April Chan is the Vertical Video Lead at ABC News, heading up a team that specialises in making news accessible to younger audiences on platforms such as TikTok, Instagram and YouTube. With more than 10 years of media experience across news and specialist teams, April has spent most of her career trying to understand how news works best in the ever-evolving world of social media.
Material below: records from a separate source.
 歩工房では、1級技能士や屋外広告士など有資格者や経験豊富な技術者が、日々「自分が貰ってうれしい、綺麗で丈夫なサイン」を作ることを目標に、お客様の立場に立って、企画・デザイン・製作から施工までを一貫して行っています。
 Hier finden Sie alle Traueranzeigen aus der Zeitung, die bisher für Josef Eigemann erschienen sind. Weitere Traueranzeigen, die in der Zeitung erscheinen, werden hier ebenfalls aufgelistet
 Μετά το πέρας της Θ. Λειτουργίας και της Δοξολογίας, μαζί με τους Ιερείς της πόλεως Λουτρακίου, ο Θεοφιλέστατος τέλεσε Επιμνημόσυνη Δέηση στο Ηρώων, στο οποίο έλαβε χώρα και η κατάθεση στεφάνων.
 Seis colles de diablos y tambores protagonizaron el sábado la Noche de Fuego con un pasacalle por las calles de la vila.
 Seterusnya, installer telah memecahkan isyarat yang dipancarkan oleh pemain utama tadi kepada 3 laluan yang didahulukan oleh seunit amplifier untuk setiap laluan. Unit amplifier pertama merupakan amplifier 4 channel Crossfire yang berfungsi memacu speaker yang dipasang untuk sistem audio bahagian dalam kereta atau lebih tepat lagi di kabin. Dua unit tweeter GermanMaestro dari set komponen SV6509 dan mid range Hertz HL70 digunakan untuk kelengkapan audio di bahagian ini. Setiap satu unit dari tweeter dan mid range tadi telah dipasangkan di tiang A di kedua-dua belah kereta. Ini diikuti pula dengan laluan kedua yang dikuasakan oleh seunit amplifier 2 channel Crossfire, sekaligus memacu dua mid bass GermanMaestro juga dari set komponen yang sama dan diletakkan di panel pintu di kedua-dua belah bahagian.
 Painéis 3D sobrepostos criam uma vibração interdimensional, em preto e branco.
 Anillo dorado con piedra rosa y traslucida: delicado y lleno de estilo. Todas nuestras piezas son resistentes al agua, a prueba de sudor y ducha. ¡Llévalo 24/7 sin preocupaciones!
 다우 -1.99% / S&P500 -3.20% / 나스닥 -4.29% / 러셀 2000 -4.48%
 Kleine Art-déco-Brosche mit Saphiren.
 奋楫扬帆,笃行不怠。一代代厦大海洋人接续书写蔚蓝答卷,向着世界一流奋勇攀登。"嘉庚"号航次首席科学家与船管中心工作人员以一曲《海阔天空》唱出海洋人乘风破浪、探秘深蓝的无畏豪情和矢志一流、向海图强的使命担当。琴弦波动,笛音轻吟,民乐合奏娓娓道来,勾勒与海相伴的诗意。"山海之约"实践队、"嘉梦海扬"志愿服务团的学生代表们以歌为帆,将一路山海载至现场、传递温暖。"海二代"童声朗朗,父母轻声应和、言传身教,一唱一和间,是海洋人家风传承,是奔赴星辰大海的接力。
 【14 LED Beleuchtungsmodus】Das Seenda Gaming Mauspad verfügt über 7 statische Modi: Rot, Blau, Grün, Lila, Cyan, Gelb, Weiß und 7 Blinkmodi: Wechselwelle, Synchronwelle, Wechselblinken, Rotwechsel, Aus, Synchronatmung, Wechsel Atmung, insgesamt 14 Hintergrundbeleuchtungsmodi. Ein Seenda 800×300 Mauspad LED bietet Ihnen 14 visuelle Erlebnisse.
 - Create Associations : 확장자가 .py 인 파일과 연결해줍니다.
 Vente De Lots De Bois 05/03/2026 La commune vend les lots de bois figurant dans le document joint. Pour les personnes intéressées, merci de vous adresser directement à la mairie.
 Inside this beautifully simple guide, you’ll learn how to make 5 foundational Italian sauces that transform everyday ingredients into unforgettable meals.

Q1. What’s been your best career move?

 

Just moving around, getting a feel for different parts of the media, has been great. I’ve spent time in digital news, TV, in a specialist team away from the daily grind, and now in social media. If I feel like I'm not challenged anymore, I get a bit bored and start looking for another position. It’s really informed my current role – knowing how different teams work, the jargon they use, how their stories are structured. It helps me develop better professional relationships as well. I'm now in my 11th year at the ABC. I landed an ABC internship in the third year of my Bachelor of Journalism degree and started working as a casual on the digital news desk in my last semester. We were quite a small team, so I was given a lot of responsibility early on.

 

Q2. What would you do differently, given your time over?

 

I’d push the imposter syndrome aside and just go for it. I’d apply for different roles a bit earlier. As a young journo, I was just focused on staying at the news desk and getting more experience. I was a bit scared to leave. I didn't think I had enough experience to apply for some roles, which I'm sure was fair in some cases, but just putting my name out there would have been good. Still, I’m pretty happy with where I am.

 

Q3. Do you have a professional hero?

 

I don't have one hero per se. I’ve been lucky, especially in my earlier years on the news desk, to have been surrounded by so many strong female colleagues who were gung-ho about advocating for themselves. We were a close-knit team; we did a lot of shift work and working those weird hours bonds people. I'm more reclusive and not very confident but seeing them push for themselves, and getting what they pushed for, has motivated me to go for jobs. When I started, it was quite male dominated, but there are more females in leadership roles now, and I'm lucky to have a female boss. You just feel more comfortable. There’s an understanding of your experience in the media – and it’s different, depending on whether you're male or female. As a CALD (culturally and linguistically diverse) person, there's an extra layer of difference.

 

Q4. What will the media look like in 10 years’ time?

 

It's an interesting question because my role didn't even exist two years ago. It’s a new way forward for the ABC. We often joke in my team, because we make vertical videos for TikTok and Instagram and elsewhere, that “If circle videos are the new thing in five years’ time, then that's what we'll make – we’ll just go with the flow”. It’s hard to predict, because who would have known vertical videos would be such a big thing when even five years ago it was all horizontal, all for YouTube? I hope the media will just keep reinventing itself and seek the audience where they are. I also hope there’ll be more gender diversity, people of colour, people with disability. When I started, I was the only Asian person on my entire floor. Culturally, it was hard. I felt like I had to work more to blend in. In 10 years, I hope the media will be more reflective of the people we’re meant to be informing and reporting on. I hope I see more people like me in the office and on my screens.

 

Q5. What changes have you noticed in social media?

 

My team launched ABC on TikTok at the end of 2022 and that was probably a few years late. After a year-and-a-half, we're at 450,000 followers and hoping to reach 600,000 by the end of this year. We've got a million on Instagram. Part of our mission has been training teams to make vertical video – because they need to figure out how to survive in 10 or 20 years’ time, when the people who do watch their shows on broadcast aren’t around anymore. When I started in social media eight or nine years ago, we were so focused on Facebook and Twitter; bringing people back to owned platforms. But we’re increasingly treating social media as its own platform, going to people where they are, rather than trying to bring them back to our website. When I started, social was such an afterthought. Now people are looping us in during the commissioning stage. It just ends up being a better product because you're not trying to fit a TV program into social, you're actually filming on your phone – because that's what everyone films on for social. Also, the presenting style is so different. We focus on getting rid of that reporter voice that everyone uses on TV and radio because on social, it's a turn-off. When I go on leave for a few months and come back, so much has changed, I'm struggling to keep up. You can never feel like you’ve fully grasped it because there's always more to learn. It's constantly changing.